In-universe information
- Species: Turkey
- Occupation: Cowboy builder, singer, TV presenter
- Affiliation: UNICEF
- Origin: Dublin, Ireland

= Dustin the Turkey =

Fictional character

Dustin the Turkey, a character performed by John Morrison is a former star of RTÉ television's The Den between 1989 and 2010 and for the show's six-episode revival in 2020. He has been described as "the most subversive comedy force on Irish television".

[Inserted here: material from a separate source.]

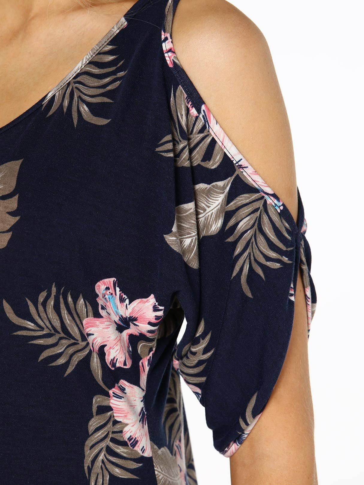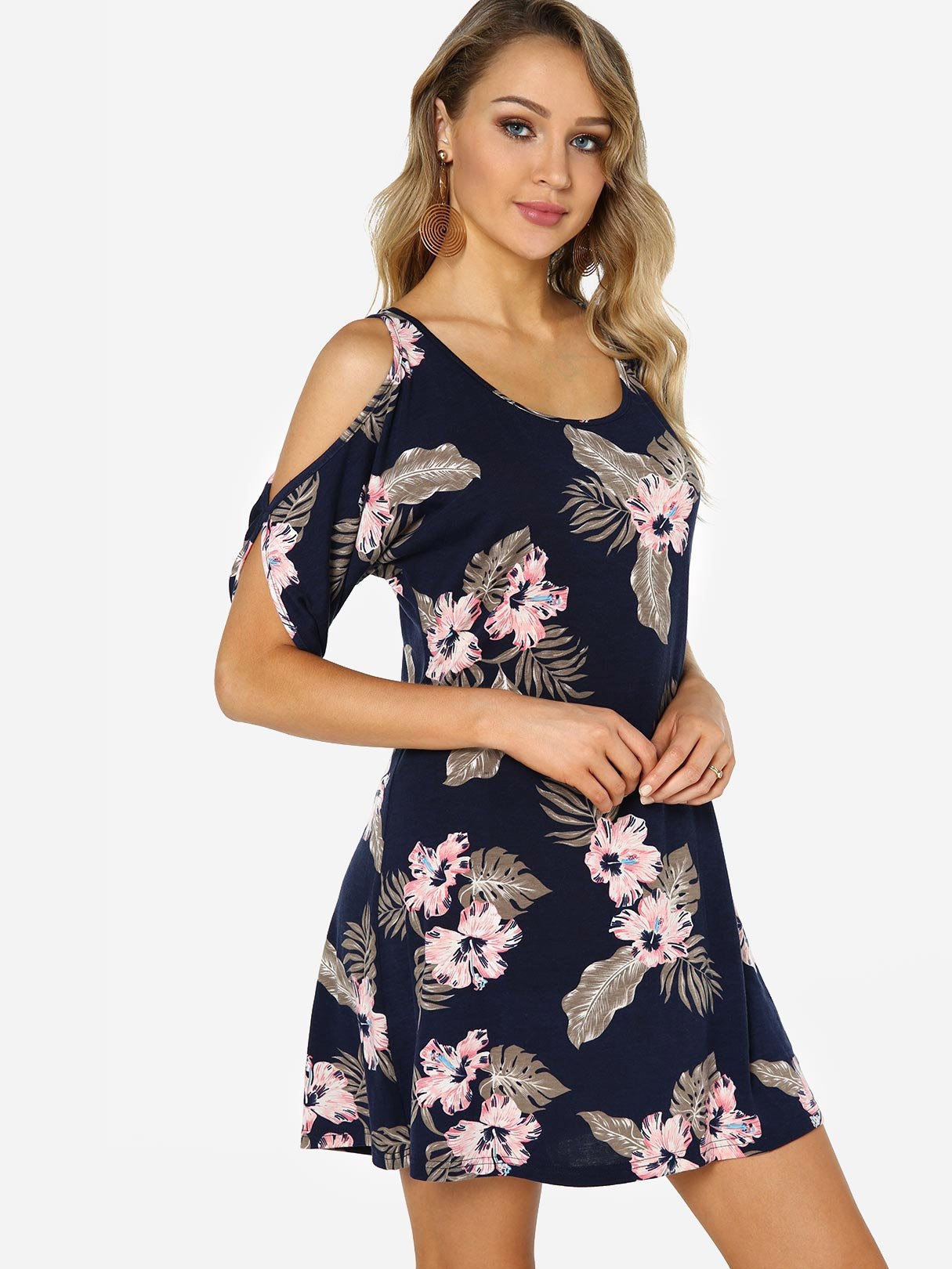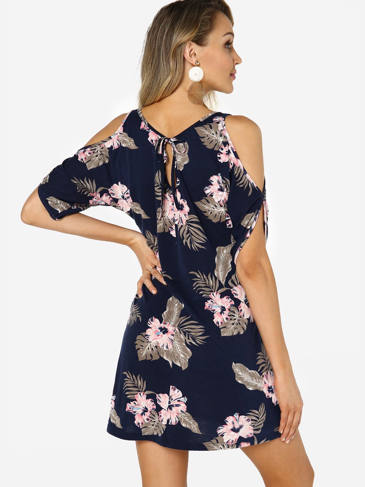 Round Neck Cold Shoulder Short Sleeve Floral Print Lace-Up Mini Dresses - Navy / S is backordered and will ship as soon as it is back in stock.

A turkey vulture with a strong Dublin accent hailing from Sallynoggin, Dustin first appeared on The Den with Zig and Zag in December 1989, but remained there after their 1993 departure to Channel 4. He also outlasted four human co-hosts, all of whom moved to radio: Ian Dempsey, Ray D'Arcy, Damien McCaul and Francis Boylan Jr.

Dustin has also had a successful music career with chart-topping singles in his native land. At one stage he even managed an Irish dance/pop group, Silvor. He won the public vote to represent Ireland at the Eurovision Song Contest 2008 with the song "Irelande Douze Pointe", though he did not progress past the first semi-final stage.

==Music==
Dustin released his Greatest Hits album in 2001. On 4 November 2005, he released his first new single for four years, "Patricia the Stripper", a duet with Chris de Burgh a.k.a. Christy Burger. On 11 November 2005, he then released a new album, also his first for four years, titled Bling When You're Minging (a play on the title of Robbie Williams' 2000 album Sing When You're Winning).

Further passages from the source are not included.